## Common

In [1]:
%env TOKENIZERS_PARALLELISM=false

env: TOKENIZERS_PARALLELISM=false


In [2]:
import json
import time
import random
import pandas as pd
from transformers import AutoTokenizer

None of PyTorch, TensorFlow >= 2.0, or Flax have been found. Models won't be available and only tokenizers, configuration and file/data utilities can be used.


In [3]:
#from https://modal.com/docs/guide/ex/vllm_inference
questions = [
    # Coding questions
    "Implement a Python function to compute the Fibonacci numbers.",
    "Write a Rust function that performs binary exponentiation.",
    "What are the differences between Javascript and Python?",
    # Literature
    "Write a story in the style of James Joyce about a trip to the Australian outback in 2083, to see robots in the beautiful desert.",
    "Who does Harry turn into a balloon?",
    "Write a tale about a time-traveling historian who's determined to witness the most significant events in human history.",
    # Math
    "What is the product of 9 and 8?",
    "If a train travels 120 kilometers in 2 hours, what is its average speed?",
    "Think through this step by step.
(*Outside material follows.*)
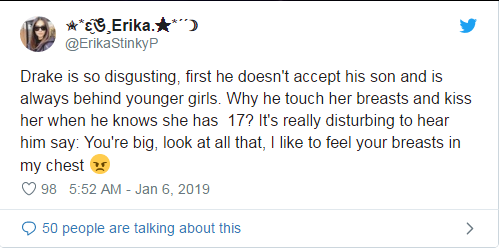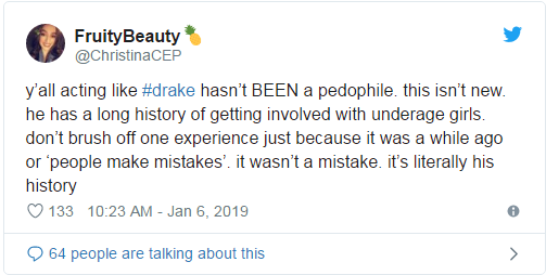 你们表现得好像德雷克不是恋童癖,其实对他来说这件事情并不新鲜,他和未成年女孩交往的历史很长。不要说都过去了或者是人们都会犯错这种类似的言论来掩盖人们的错误,这并不是一时的错误,这就是他这个人的历史,是他的一部分。
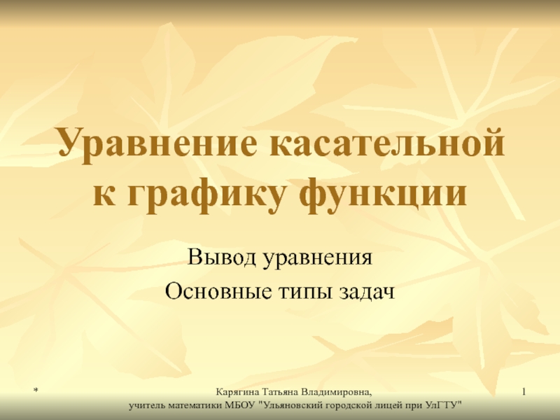 1. Составить уравнение касательной к графику функции y=f(x) в точке x01 в общем виде.

If the sequence a_n is defined by a_1 = 3, a_2 = 5, and a_n = a_(n-1) + a_(n-2) for n > 2, find a_6.",
]

In [4]:
tokenizer = AutoTokenizer.from_pretrained("meta-llama/Meta-Llama-3-8B", token=True)

Special tokens have been added in the vocabulary, make sure the associated word embeddings are fine-tuned or trained.


## NIM

In [5]:
from openai import OpenAI

In [6]:
model="meta-llama3-70b-instruct"

In [7]:
ENDPOINT = "http://216.153.50.191:8000/v1" # set to your box.

def generate_nim(prompt):
    client = OpenAI(base_url=ENDPOINT, api_key="not-used")
    start = time.perf_counter()
    completion = client.completions.create(model=model, prompt=prompt, max_tokens=512, stream=False)
    request_time = time.perf_counter() - start
    response = completion.choices[0].text
    return {
        'in_token_count': len(tokenizer.encode(prompt)),
        'out_token_count': len(tokenizer.encode(response)),
        'time': request_time,
        'question': prompt,
        'answer': response,
        'note': 'nim'
    }

In [8]:
user_message = "Describe the purpose of a 'hello world' program in one line."
generate_nim(user_message)

{'in_token_count': 15,
 'out_token_count': 38,
 'time': 2.0260479999997187,
 'question': "Describe the purpose of a 'hello world' program in one line.",
 'answer': ' The purpose of a \'hello world\' program is to verify that a programming environment is correctly set up by printing "Hello, World!" to the screen, requiring minimal syntax and complexity.',
 'note': 'nim'}

## Bedrock
- [API](https://boto3.amazonaws.com/v1/documentation/api/latest/reference/services/bedrock-runtime/client/invoke_model.html#)
- [Pricing](https://aws.amazon.com/bedrock/pricing/)
    -  `meta.llama3-70b-instruct` is `$0.00265` per 1K input tokens and `$0.0035` per 1K output tokens

In [9]:
import boto3

In [10]:
client = boto3.client("bedrock-runtime", region_name="us-west-2")

In [11]:
model_id = "meta.llama3-70b-instruct-v1:0"

In [12]:
prompt_template = """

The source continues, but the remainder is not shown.